3 - Devices where there is insufficient awareness, motivation or
expertise on the part of the end-user to upgrade their
stack and/or applications.
5 - Devices which have insufficient bandwidth to receive the
upgrades - for instance, small, battery operated sensor
devices.
6 - Devices which for whatever reasons don't use FLASH or any
other reprogrammable firmware storage.
Slowness of response to multihoming
-----------------------------------
In a host-based solution as described above, each sending host A has
to figure out for itself what is happening if the IP address it is
using for B is no-longer usable. This could take quite a while, and
the time it takes starts from whenever A sends a packet to B via an
IP address which no longer works.
If the fault occurred at T=0 and A did not need to send a packet to B
until T=60, then any 10 second (for instance) process by which A
discovers it must use another IP address for B will complete at T=70.

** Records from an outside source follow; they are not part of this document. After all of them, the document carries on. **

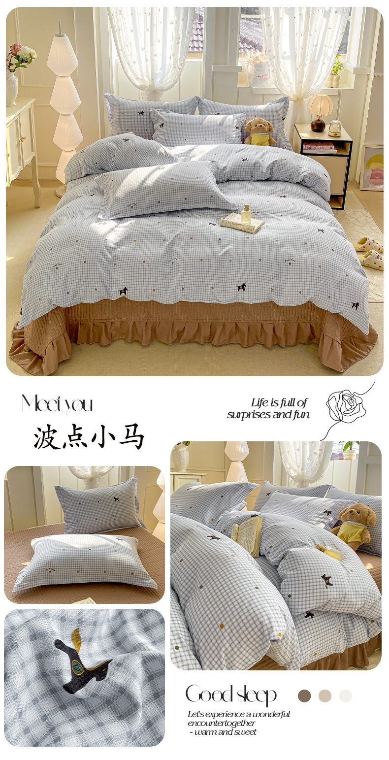 梦莱斯 2025直播爆款公主风A类针织棉床盖四件套AA版被套 波点小马
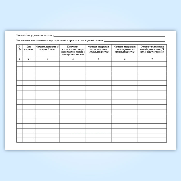 Журнал регистрации операций с использованными ампулами из-под наркотических средств и психотропных веществ у главной медицинской сестры стационарной медицинской организации в Черкесске купить
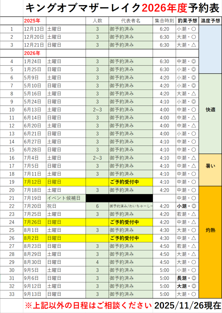 2026年度の御予約について (2025年12月~2026年9月末まで)2025/11/26現在
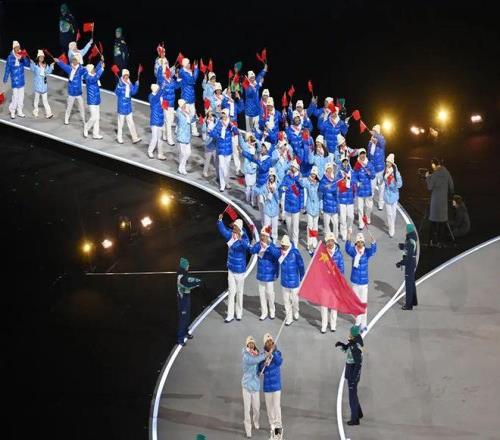 中國體育代表團共286人,其中運動員126人,將參加7個大項、15個分項、91個小項的角逐,創下中國冬奧會境外參賽項目最多、運動員規模最大的新紀錄。開幕式上,速度滑冰運動員寧忠岩和短道速滑運動員張楚桐共同擔任中國代表團旗手,引領隊伍入場。
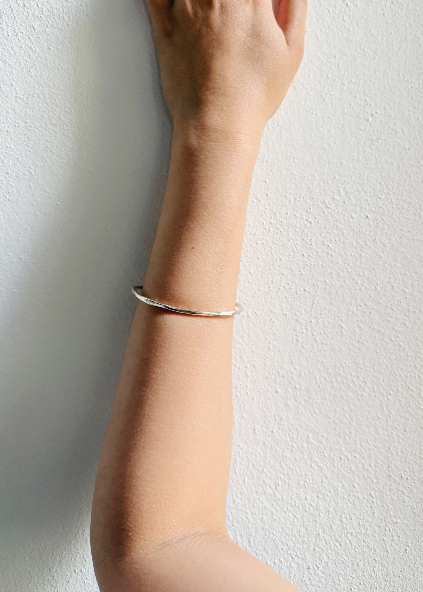 大大的橢圓 起伏的線條 像是呼吸的氣息 細細的有起起伏伏的細節 可以微微凹成合你手腕的形狀 尺寸需測量手掌圍(位置在大拇指關節處) 可以用要把手環套進去的手勢測量 The Shape Within 內側的形狀 我們每個人心中都藏著一些形狀 沒有固定輪廓,時而變形、延展、崩解 它們存在於情緒轉折中 存在於感知的縫隙裡 我試著描出這些形狀— 在形體與身體之間 也許你可以感受到某種熟悉的模糊感 無法說清楚 但你知道你有過這個感覺 Each of us holds unspoken shapes within. They do not follow clear contours. They shift, stretch, collapse—formed by emotion, softened by memory. I try to trace them— Between body and shape, I hope to evoke a kind of quiet recognition a feeling you can’t name, but know you’ve felt before.

A similar problem occurs for the non-Ivip core-edge separation
schemes: LISP, APT and TRRP: Each ITR has to detect the
unreachability and make a decision to use another ETR address, on its
own.
A potential advantage of these non-Ivip core-edge separation
techniques over the above host-based solution is that the one ITR
serving multiple sending hosts will discover the outage and learn to
cope with it within 10 seconds (for instance) of the first packet any
of the hosts sends after the outage. So packets sent after the ITR
adapts its encapsulation rule for this EID will not be subject to any
losses or delays, whereas they would in the host-based solution where
every sending host has to do its own outage detection and recovery
operation.
A potential advantage of the host-based solution over LISP etc. is
that the host may be able to detect that the packets it sent did not
arrive, and so will send the same packets to another IP address.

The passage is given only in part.